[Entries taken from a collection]

+ + + +

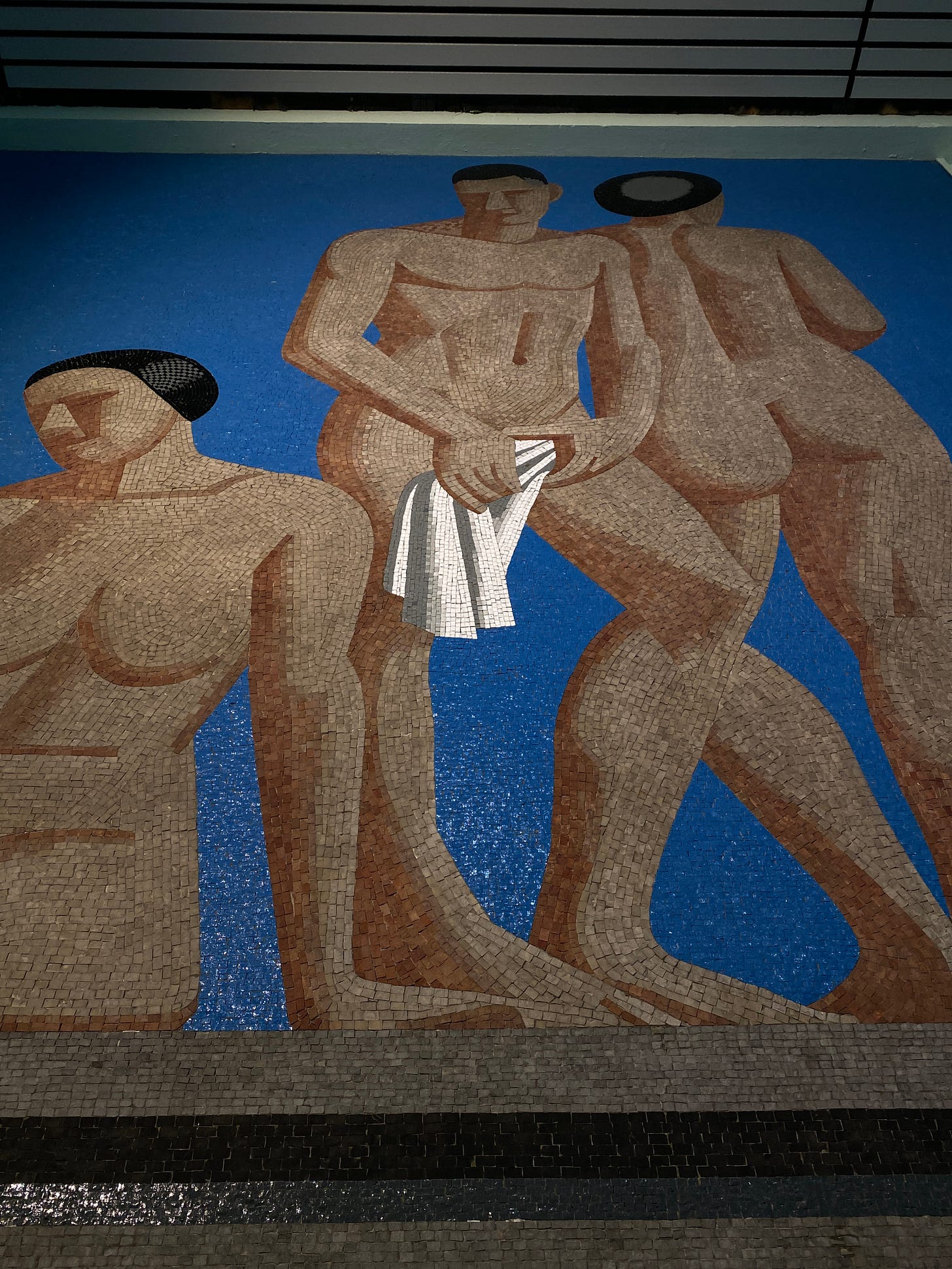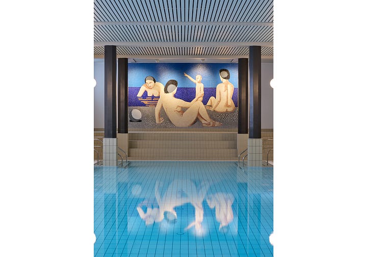 Lundstrøm was a highly notable Danish painter, best known for his still lifes and portraits — many of which can be seen at the SMK and around Finn Juhl’s house. This was his only large-scale public mosaic commission, supported by the Ny Carlsbergfondet. His painterly style translates surprisingly well into mosaic and really defines the space. Even though the swim hall was built as a very practical place for hygiene and exercise, the decision to integrate art clearly shows the intention to elevate the experience and make even this everyday ritual feel special.
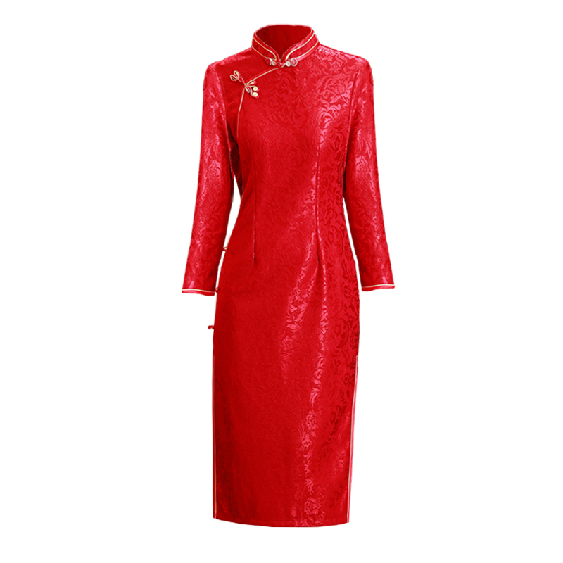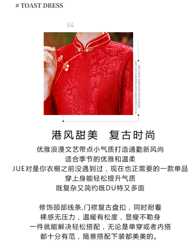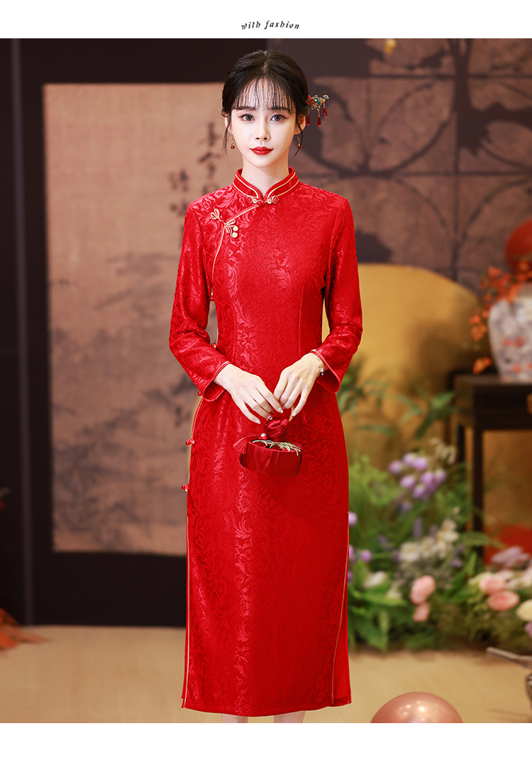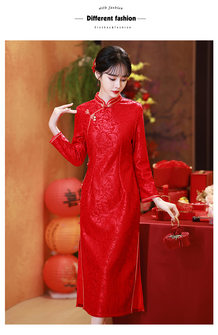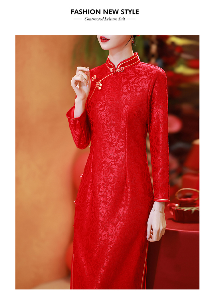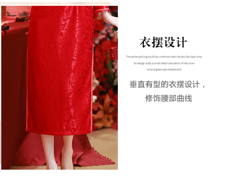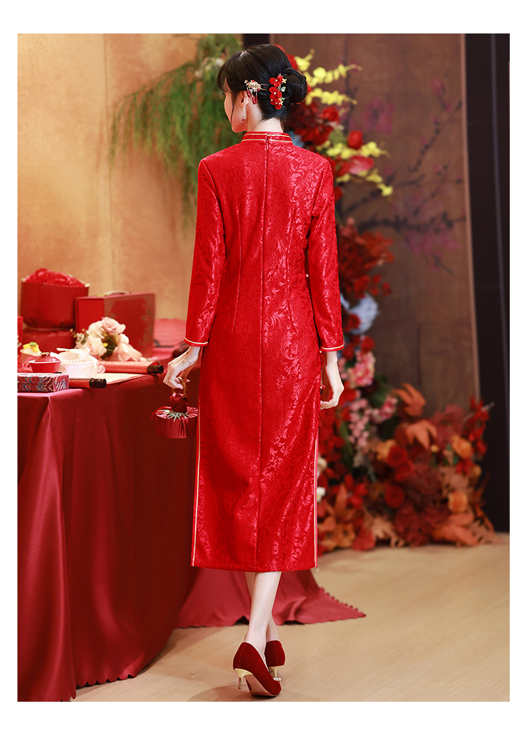 MY16138#新款改良旗袍敬酒服回娘家红色结婚订婚新中式礼服长袖女裝貨源服裝批發
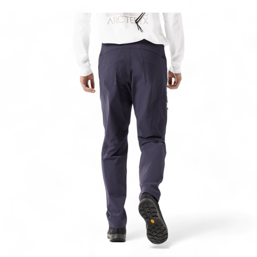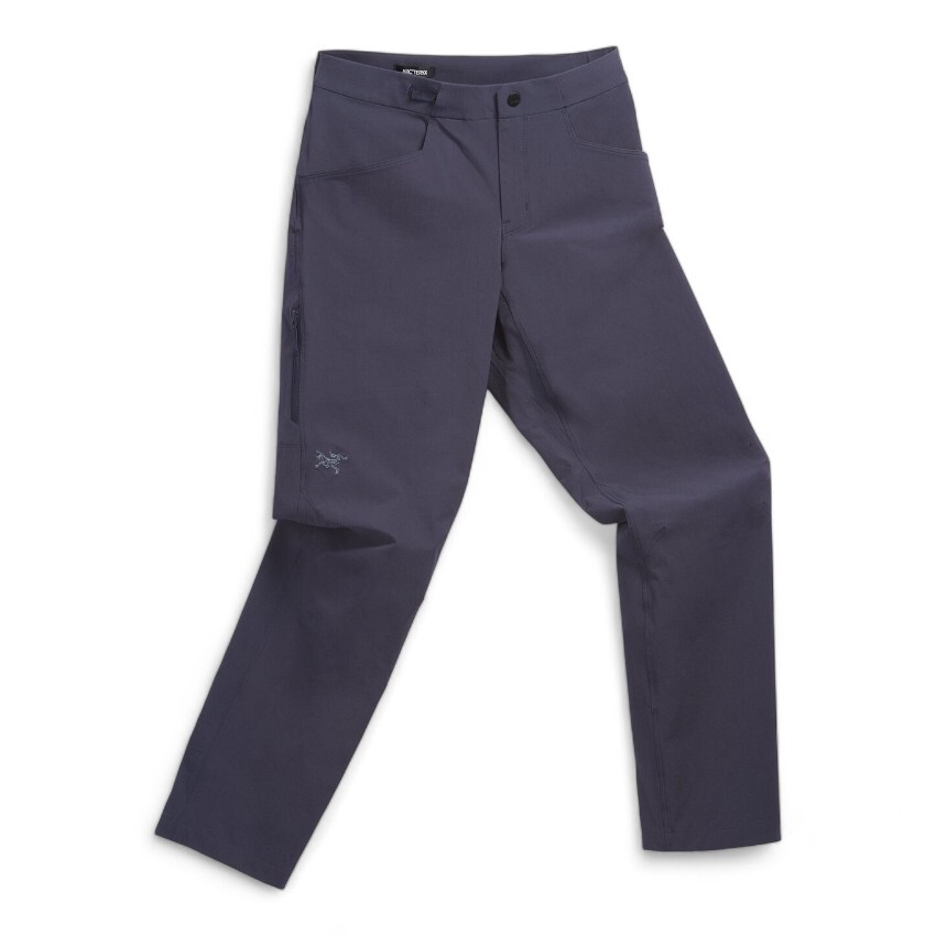 Geared to climb, crag, gym, approach Arc'teryx's Konseal Pant's advanced design combines durability, performance and comfort with a look that easily goes off the rock. The fabric combines nylons strength and elastane's stretch. A gusseted crotch and articulated knees free you to move, tapered legs improve line of sight to your feet, the low-profile waist rides comfortably under a harness and pockets include an easy-access zippered one at the thigh.
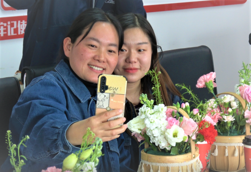 (图为女职工与插花作品合影留念)
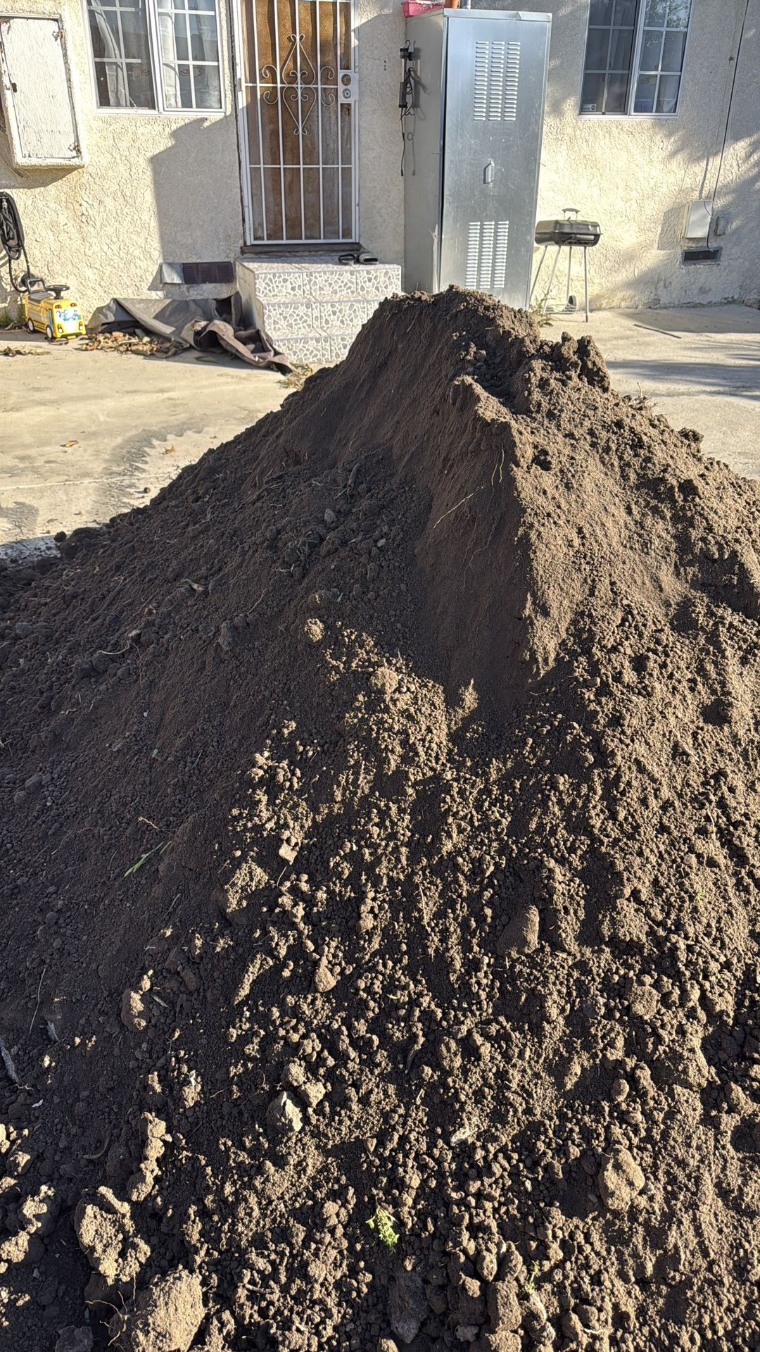 Free dirt feel free to take as much as you want before I take it to the dump Puedes llevarte todo lo que quieras antes de que lo tire al basurero.
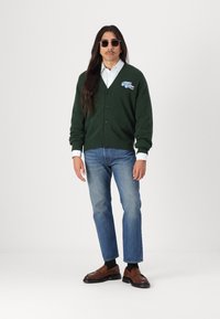 Cardigan tricoté vert olive avec col châle, fermeture à boutons, associé à un jean en denim bleu et des chaussures noires. Petit sac bandoulière noir.

+ + + +

▶ **What the exercise asks**
Print the entries above exactly, taking out only the pictures.

▶ **Solution**
 Lundstrøm was a highly notable Danish painter, best known for his still lifes and portraits — many of which can be seen at the SMK and around Finn Juhl’s house. This was his only large-scale public mosaic commission, supported by the Ny Carlsbergfondet. His painterly style translates surprisingly well into mosaic and really defines the space. Even though the swim hall was built as a very practical place for hygiene and exercise, the decision to integrate art clearly shows the intention to elevate the experience and make even this everyday ritual feel special.
 MY16138#新款改良旗袍敬酒服回娘家红色结婚订婚新中式礼服长袖女裝貨源服裝批發
 Geared to climb, crag, gym, approach Arc'teryx's Konseal Pant's advanced design combines durability, performance and comfort with a look that easily goes off the rock. The fabric combines nylons strength and elastane's stretch. A gusseted crotch and articulated knees free you to move, tapered legs improve line of sight to your feet, the low-profile waist rides comfortably under a harness and pockets include an easy-access zippered one at the thigh.
 (图为女职工与插花作品合影留念)
 Free dirt feel free to take as much as you want before I take it to the dump Puedes llevarte todo lo que quieras antes de que lo tire al basurero.
 Cardigan tricoté vert olive avec col châle, fermeture à boutons, associé à un jean en denim bleu et des chaussures noires. Petit sac bandoulière noir.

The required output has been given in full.